FAQ - MaximilianKohler/HumanMicrobiome GitHub Wiki

FAQ - Frequently Asked Questions:

Short link to this page: http://HumanMicrobiome.info/FAQ

Question 1:

What can I do to restore my gut microbiome after taking antibiotics (or after any other type of major perturbation)?

  • Answer:

The standard options are probiotics and a healthy, whole foods diet (which can include prebiotics and fasting).

The current microbiome science generally supports a diet high in a variety of fibrous whole foods, however, there is large person to person variation based on each person's unique gut microbiome. And thus diet may need to be personalized (via elimination diet).

Nearly everything you do/ingest (including exercise and sleep) will impact the gut microbiome. So things like herbs/supplements are of course another thing that can be experimented with. But results will vary significantly from person to person.

One such option is Serum-Derived Bovine Immunoglobulin/protein isolate - EnteraGram.

The above options are all currently extremely limited though.

FMT (fecal microbiota transplant) is a more complete option, but may not be readily available. And current evidence suggests that not even FMT may be able to restore all the damage done by antibiotics. So the most important thing is to avoid unnecessary antibiotics.

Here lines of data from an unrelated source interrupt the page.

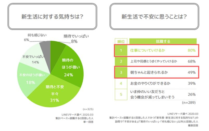 不安の中身で注目したいのは、「朝ちゃんと起きられるか」という項目。おもしろいことに新高校生では5位、新大学生では4位だったこの項目ですが、新社会人では次のとおり3位へと、かなり大きな心配事になっているのがわかります。
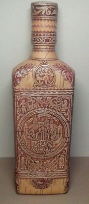 Подарочная памятная бутыль, стекло, оформлена в бересту и берестяное тиснение. Текст - по желанию заказчика.Сроки исполнения - до 2-х дней. Доставка - транспортной компанией.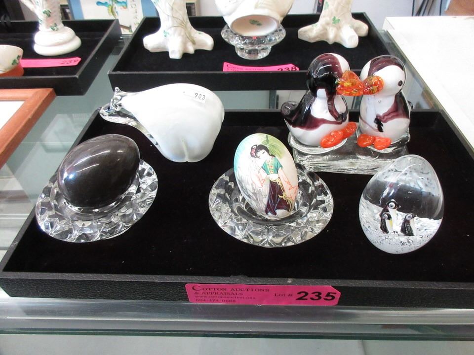 2 Stone eggs & 1 heirloom collectible glass egg.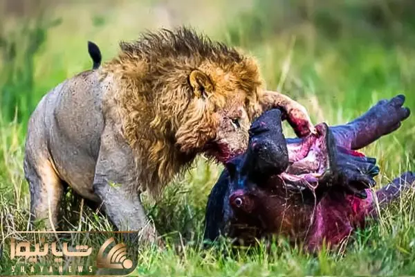از جذابیت های حیات وحش؛ نگاه بی تفاوت اسب های آبی به اسب آبی ای که اسیر شیر ها شده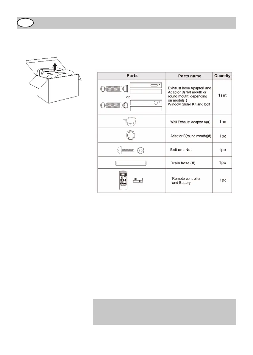 Unpack the Air Conditioner and check the contents for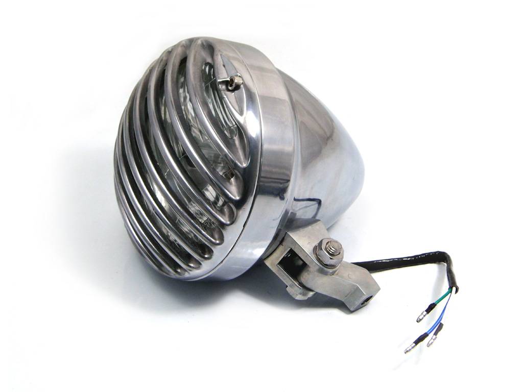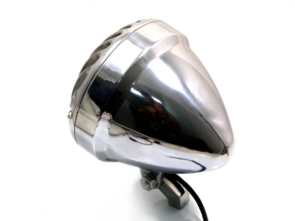 6" Prison Koplamp Bottom Mount Chrome. Zeldzaam gave lamp die perfect op de wat grotere motorfiets past door z'n forse diameter. De behuizing is metaal en er zit een H4 lamp in!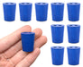 Pack of ten #2 stoppers made of long lasting neoprene rubber. Blue color. Each stopper features two holes measuring 5mm in diameter. Manufactured according to sizes recommended by ASTM standards. Each stopper measures 25mm in length, has a base diameter measuring 16mm, and a top diameter measuring 20mm. The neoprene rubber construction is suitable for use with petroleum products, minerals, oils and fats, as well as most inorganic acids and bases. Resistant to temperatures ranging from -40 to 130°C.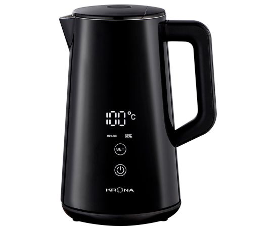 KRONA Digitaler Black - этот стильный и современный электрочайник сочетает в себе все преимущества инновационных технологий и надежной функциональности. Цифровое сенсорное управление предоставляет полный контроль над процессом нагрева. LED дисплей вровень с корпусом информирует о текущей температуре воды, а двойные стенки корпуса сохраняют тепло дольше. Емкость 1,5 литра идеально подходит для домашнего использования. Чайник оснащен гибкой регулировкой температурного режима от 40°C до 100°C, что позволяет выбрать оптимальный режим нагрева для различных напитков. Тройная защита предотвращает сухое кипячение, чайник отключается при снятии и автоматически выключается при закипании. Встроенный фильтр защиты от пыли и накипи, сохраняет воду чистой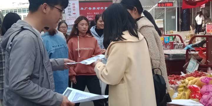 3月15日,风和日丽,春意盎然。在国际消费者权益日来临之际,由社会科学学院主办、法律爱好者协会承办的,以“增强维权意识,维护合法权益,共建和谐校园”为主题的普法活动在大学生社团活动中心举办。法律爱好者协会指导老师胡晶和陈功林老师分别带领学生在校内外两个普法点进行普法宣传活动。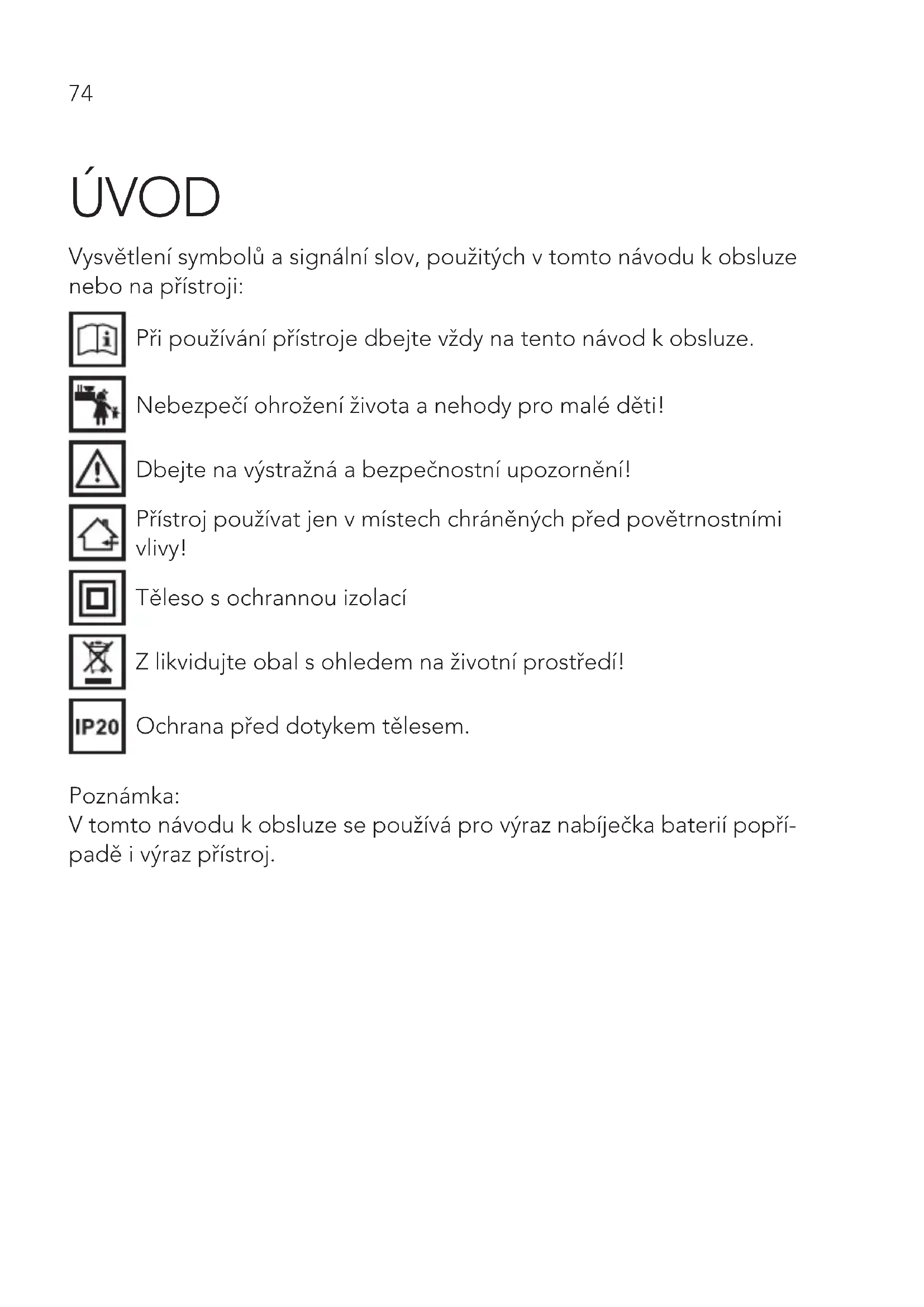 - Likvidace CZ74 ÚvOd Vysvětlení symbolů a signální slov, použitých v tomto návodu k obsluze nebo na přístroji: Při používání přístroje dbejte vždy na tento návod k obsluze. Nebezpečí ohrožení života a nehody pro malé děti! Dbejte na výstražná a bezpečnostní upozornění! Přístroj používat jen v místech chráněných před povětrnostními vlivy! Těleso s ochrannou izolací Z likvidujte obal s ohledem na životní prostředí! Ochrana před dotykem tělesem. Poznámka: V tomto návodu k obsluze se používá pro výraz nabíječka baterií popří- padě i výraz přístroj.IT p. 90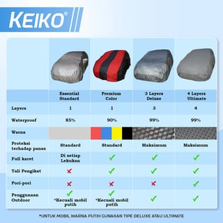 PLEASE WRITE THE COMPLETE CAR TYPE AND MODEL YEAR IN THE BOOKING NOTE. OTHERWISE, THE LATEST GENERATION MODEL WILL BE SHIPPED. We provide ultimate protection for your valuable assets with quality car covers at affordable prices. Advantages of our Keiko car covers: - 100% Polyester Material - Silver color - Strong and durable - According to size - Waterproof (Waterproof 85%), dust, sun and UV rays to protect car paint from dullness and no luminosity - Smooth material so it won't scratch the car - Easy to wash - Protection from wind with rubber at each end of the curve of the car ONLY FOR STANDARD CARS, if it has been modified please INFORM WARRANTY if the product does not match! Especially for white cars only for indoor or roofed use. For outdoor protection against white cars, please use type 3 layers deluxe or 4 layers ultimate: - 3 Layer Deluxe --> https://www.tokopedia.com/eggnoid/etalase/cover-mobil-keiko-deluxe - 4 Ultimate Layers --> https://www.tokopedia.com/eggnoid/etalase/cover-mobil-keiko-ultimate Please contact us directly if you have difficulty determining the right type of car cover. For other types of cars, you can check at our shop https://www.tokopedia.com/eggnoid/etalase/cover-mobil-keiko-standard ======================================================================= We also sell various MOTORCYCLE COVER TYPES only at the Eggnoid Store. Happy Shopping :) #SarungMobil #CoverMobil #bodycover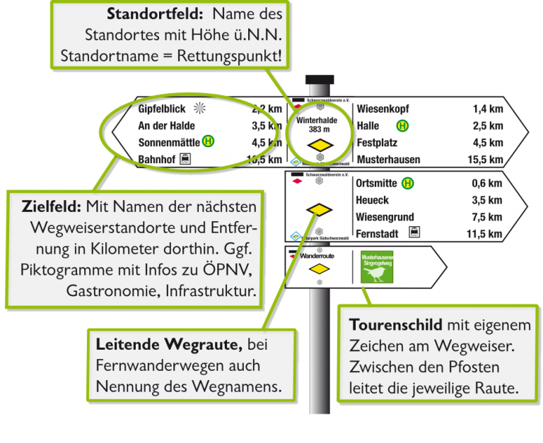 Zurück aber zur Basisbeschilderung: das Standortfeld des Basiswegweisers informiert über Standortname sowie Höhe und zeigt das Rautensymbol an, das zum nächsten Wegweiser führt. Ziele sind mit Entfernungen angegeben, das erstgenannte Ziel ist in der Regel der nächste Wegweiserstandort. Jedes genannte Ziel taucht auf dem jeweils folgenden Wegweiser wieder auf, bis es erreicht ist. Piktogramme geben zudem wertvolle Hinweise auf Einkehrmöglichkeiten, den ÖPNV oder besondere Aussichtspunkte.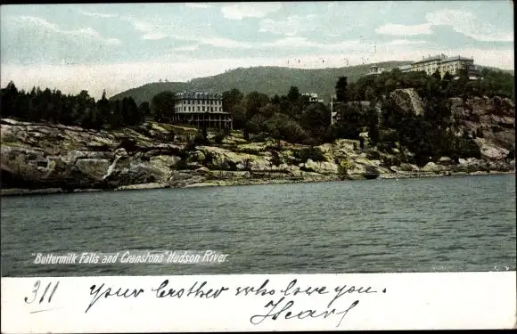 Ak New York USA, Buttermilk Falls und Cranstons, Hudson River

For FMT, you can help push for high quality donor availability [1][2].

And/or help take things into our own hands [1].


Question 2:

What about autologous FMT? Freeze my stool before antibiotics then use it for FMT afterwards?

  • Answer:

  1. You risk reinfection with whatever pathogen you took the antibiotics for. Or if not a specific pathogen, you are putting back microbes that were not protective and may have contributed to the condition.
  2. The vast majority of the population is in poor health and have dysbiotic gut microbiomes, and thus, the vast majority of the population would be better off not using their own stool for FMT, but rather FMT from someone who qualifies as a high quality donor.
  3. One study showed high rate of adverse events for autologous FMT.

A reasonable situation to use aFMT would be if you are in great health, have good type 2-4 bowel movements, and you are prescribed prophylactic antibiotics for something. You could then freeze your stool, take the med, and do aFMT afterwards.


Question 3:

What can I do generally to try and maintain or develop a healthy gut microbiome?

  • Answer:

  1. Avoid unnecessary antibiotic use [1], and C-sections [1].
  2. Breastfeed for as long as possible [1].
  3. Eat a healthy, whole foods diet [1].
  4. Exercise [1].
  5. Sleep well [1].
  6. Avoid various environmental pollutants as much as possible [1].

Question 4:

I heard probiotics don't generally colonize and thus prebiotics are better. Is this true?

  • Answer:

Both probiotics and prebiotics modulate the gut microbiome. In fact, virtually everything you do or ingest changes the gut microbiome. Probiotics modulate the gut microbiome by adding microbes. Prebiotics modulate the gut microbiome by changing the percentages of what's already there, based on which microbes most readily feed on the substrate you ingest. Both prebiotics and probiotics have the potential to be beneficial or harmful, depending on person to person variation based on each person's unique gut microbiome.

Most current probiotics do not colonize, but they have a variety of other mechanisms, and can cause short-term or long-term shifts and impacts.


Question 5:

Do you need to take prebiotics with probiotics?

  • Answer:

No. Probiotics have been shown to be beneficial on their own [1]. Synbiotics are specific pairs of pre and pro biotics that are synergistic.

A healthy, whole foods diet is important, but it is its own thing.